Eh bien on le peut ! Dès lors que l’on comprend son fonctionnement. Si vous avez lu le livre “La vie secrète des arbres“, vous savez déjà à quel point les éléments d’une forêt vivent en symbiose. Les arbres font des feuilles. Les feuilles et les fruits tombent au sol. Les petits animaux et les insectes contribuent à changer ces produits en compost, à nourrir la terre au pied de l’arbre et à abreuver l’arbre en eau (en partie) et en nutriments. Le sol est meuble, riche de vie sous terraine, de réseaux de racines, propice aux échanges et à laisser l’eau s’infiltrer. Et il est protégé de la déshydratation par la couche de végétaux au pied de l’arbre, mais aussi par sa canopée qui apporte de l’ombre et empêche le sol de trop s’assécher.

J’ai eu le plaisir de voir des projets de ce type émerger et perdurer, tels que “Greening the desert” de Geoff Lawton, en Jordanie, ou encore celui de Pierre Rabhi, d’abord commencé dans sa région aride d’Ardèche, puis suivi par d’autres projets tel que “Reverdir le Sahel“, pour lutter contre la faim dans le monde.

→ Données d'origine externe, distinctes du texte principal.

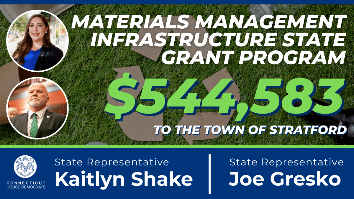 I am pleased to share the Town of Stratford is receiving approximately $545,000 in state grants to reduce our municipal waste disposal costs and protect our environment. The funds, which I strongly advocated for, will help our community develop waste management infrastructure to help divert valuable recyclable and compostable material from disposal.
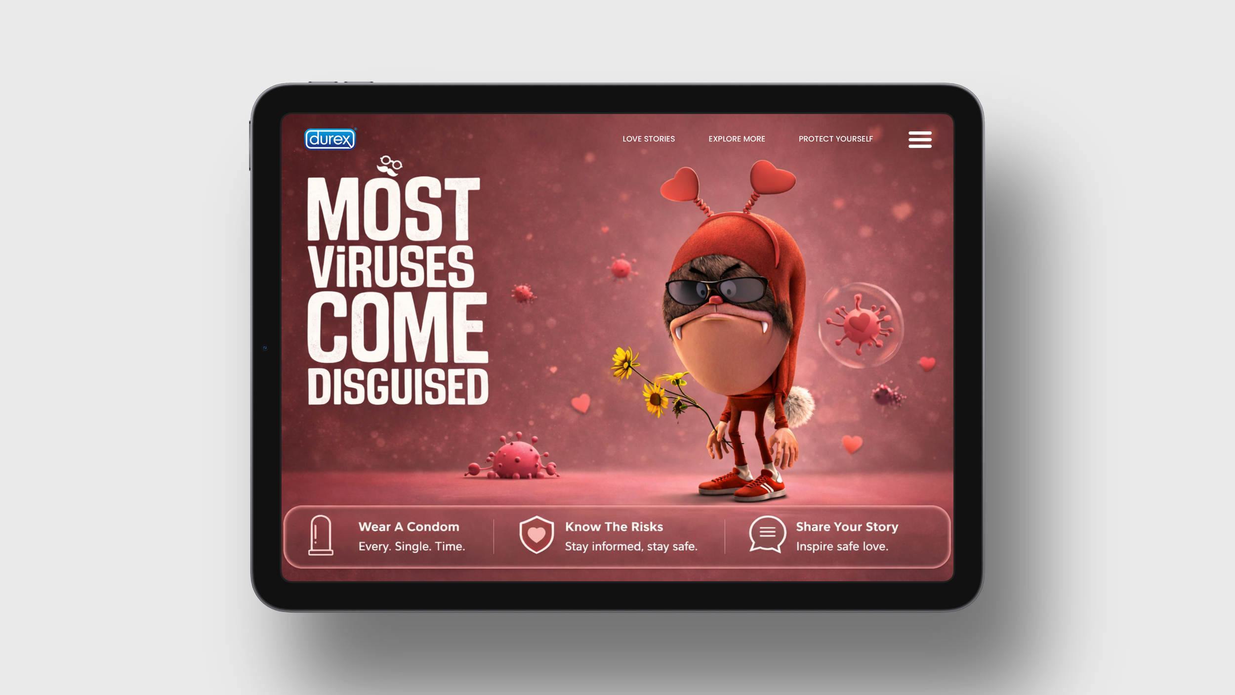 Playfully personifying viruses as charming dates, blushing brides, and unsuspecting professionals, the visuals used humor and stylized 3D characters to deliver a serious reminder: protection isn’t optional. I used Photoshop and Procreate to create the characters.

Des jardins-forêts nourriciers

Cependant, j’ai envie d’aller plus loin dans ma réflexion. Je pense qu’il ne suffit pas de reverdir, il faut aussi penser notre alimentation autrement. Les forêts fruitières ou “Forest garden” sont des systèmes où la base nourricière est le fruit. Attention, il ne s’agit pas de grandes monocultures d’arbres fruitiers comme on peut en voir actuellement ! Au contraire, il s’agit de recréer une forêt, avec toute la diversité que cela engendre, aussi bien au niveau des variétés que des étages de végétation :

Tout ces éléments vivent en synergie et composent un système durable et profitable à tous, que ce soit aux humains pour la nourriture variée et en abondance, aux animaux pour la nourriture et le refuge, à la planète pour l’oxygène…

Cela nous donne un bon exemple de ce que l’on peut attendre du fonctionnement sur notre belle planète.

La fin des monocultures

Je pense que les champs de céréales ou de légumes tels qu’on les cultive actuellement, en immenses monocultures (bien souvent truffées de désherbants et de pesticides pour éviter que la nature reprenne son droit et ne redevienne… une forêt riche et variée !), sont épuisantes pour la terre et pour la faune autant que pour les hommes à entretenir et à cultiver. Ils sont des aberrations pour la biodiversité et pour l’avenir. Les céréales sont une source alimentaire moins durable, sans compter que je la trouve moins intéressante que les fruits et les légumes-racines au niveau nutritionnel.

Indépendance et autosuffisance

Il y a en moi l’âme d’une survivaliste. Que nous vivions en plein désert, que nous faisions face à une apocalypse remplie de zombies mutants ou que nous envisagions de prendre notre futur en main, il faut savoir comment agir à l’échelle individuelle. Rien ne sert d’attendre que la solution vienne des autres. Rien ne sert de critiquer sans fin son voisin ou notre gouvernement. Nous ne pouvons compter sur personne d’autre que sur nous-même. Il nous faut apprendre à être l’acteur principal, le moteur de notre propre survie.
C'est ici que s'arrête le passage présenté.